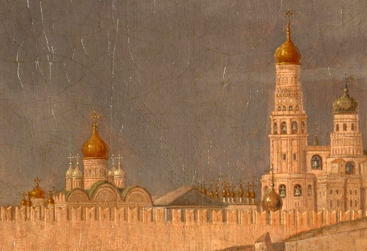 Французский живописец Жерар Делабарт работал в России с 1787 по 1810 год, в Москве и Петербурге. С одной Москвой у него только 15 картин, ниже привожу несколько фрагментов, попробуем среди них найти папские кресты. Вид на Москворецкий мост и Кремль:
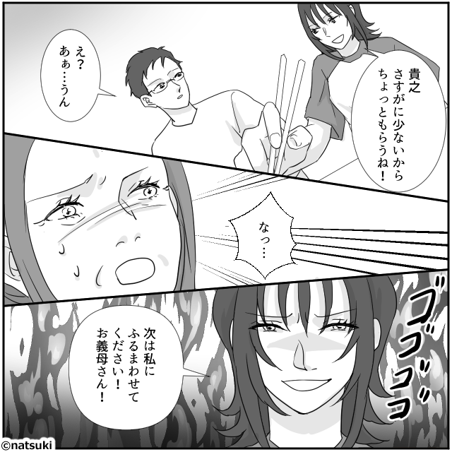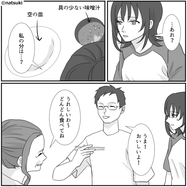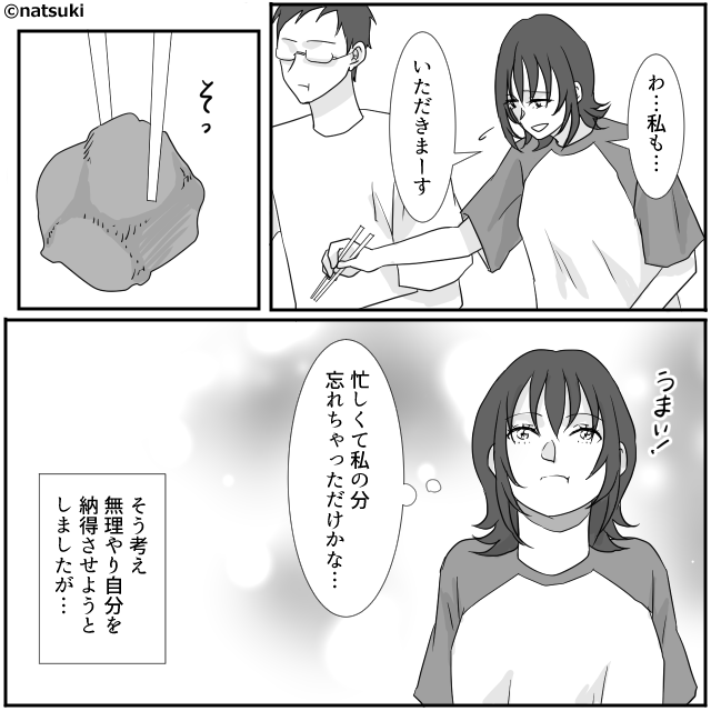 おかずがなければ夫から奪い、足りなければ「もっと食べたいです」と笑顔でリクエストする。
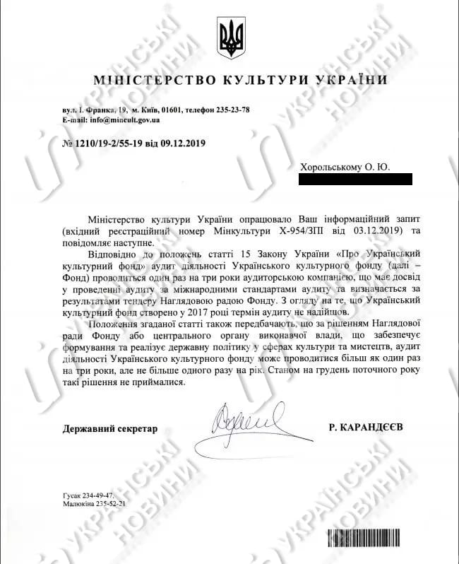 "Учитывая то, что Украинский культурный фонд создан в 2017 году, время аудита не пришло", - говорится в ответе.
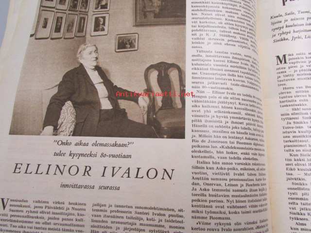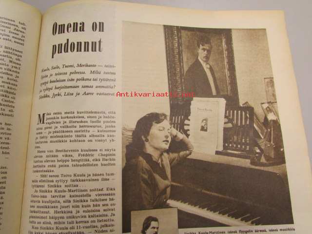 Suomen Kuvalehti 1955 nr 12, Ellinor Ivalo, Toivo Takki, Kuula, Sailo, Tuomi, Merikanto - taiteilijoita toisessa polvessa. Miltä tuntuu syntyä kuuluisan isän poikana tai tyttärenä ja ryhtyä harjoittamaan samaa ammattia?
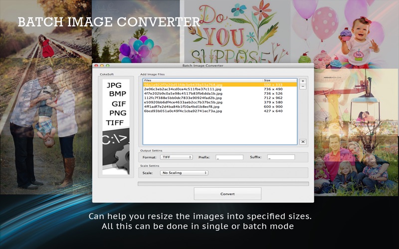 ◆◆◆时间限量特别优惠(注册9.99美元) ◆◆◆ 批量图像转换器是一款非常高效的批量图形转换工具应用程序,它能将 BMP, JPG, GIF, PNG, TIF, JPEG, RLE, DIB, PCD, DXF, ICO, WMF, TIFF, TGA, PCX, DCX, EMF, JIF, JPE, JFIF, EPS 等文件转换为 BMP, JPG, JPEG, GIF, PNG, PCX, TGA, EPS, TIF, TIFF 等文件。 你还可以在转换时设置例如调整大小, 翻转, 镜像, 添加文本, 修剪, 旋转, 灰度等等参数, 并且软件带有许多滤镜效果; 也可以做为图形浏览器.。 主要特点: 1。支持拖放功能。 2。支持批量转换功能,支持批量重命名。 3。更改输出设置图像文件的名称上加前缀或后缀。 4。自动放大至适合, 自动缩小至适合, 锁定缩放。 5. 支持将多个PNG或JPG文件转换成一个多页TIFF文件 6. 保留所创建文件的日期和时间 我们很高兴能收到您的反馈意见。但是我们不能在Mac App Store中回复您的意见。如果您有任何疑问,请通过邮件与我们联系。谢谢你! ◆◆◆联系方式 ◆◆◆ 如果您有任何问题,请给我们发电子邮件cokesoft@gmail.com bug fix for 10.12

--------

# Your objective:
In copying the material, drop all pictures and keep everything else identical.

# Solved exercise:
 Французский живописец Жерар Делабарт работал в России с 1787 по 1810 год, в Москве и Петербурге. С одной Москвой у него только 15 картин, ниже привожу несколько фрагментов, попробуем среди них найти папские кресты. Вид на Москворецкий мост и Кремль:
 おかずがなければ夫から奪い、足りなければ「もっと食べたいです」と笑顔でリクエストする。
 "Учитывая то, что Украинский культурный фонд создан в 2017 году, время аудита не пришло", - говорится в ответе.
 Suomen Kuvalehti 1955 nr 12, Ellinor Ivalo, Toivo Takki, Kuula, Sailo, Tuomi, Merikanto - taiteilijoita toisessa polvessa. Miltä tuntuu syntyä kuuluisan isän poikana tai tyttärenä ja ryhtyä harjoittamaan samaa ammattia?
 ◆◆◆时间限量特别优惠(注册9.99美元) ◆◆◆ 批量图像转换器是一款非常高效的批量图形转换工具应用程序,它能将 BMP, JPG, GIF, PNG, TIF, JPEG, RLE, DIB, PCD, DXF, ICO, WMF, TIFF, TGA, PCX, DCX, EMF, JIF, JPE, JFIF, EPS 等文件转换为 BMP, JPG, JPEG, GIF, PNG, PCX, TGA, EPS, TIF, TIFF 等文件。 你还可以在转换时设置例如调整大小, 翻转, 镜像, 添加文本, 修剪, 旋转, 灰度等等参数, 并且软件带有许多滤镜效果; 也可以做为图形浏览器.。 主要特点: 1。支持拖放功能。 2。支持批量转换功能,支持批量重命名。 3。更改输出设置图像文件的名称上加前缀或后缀。 4。自动放大至适合, 自动缩小至适合, 锁定缩放。 5. 支持将多个PNG或JPG文件转换成一个多页TIFF文件 6. 保留所创建文件的日期和时间 我们很高兴能收到您的反馈意见。但是我们不能在Mac App Store中回复您的意见。如果您有任何疑问,请通过邮件与我们联系。谢谢你! ◆◆◆联系方式 ◆◆◆ 如果您有任何问题,请给我们发电子邮件cokesoft@gmail.com bug fix for 10.12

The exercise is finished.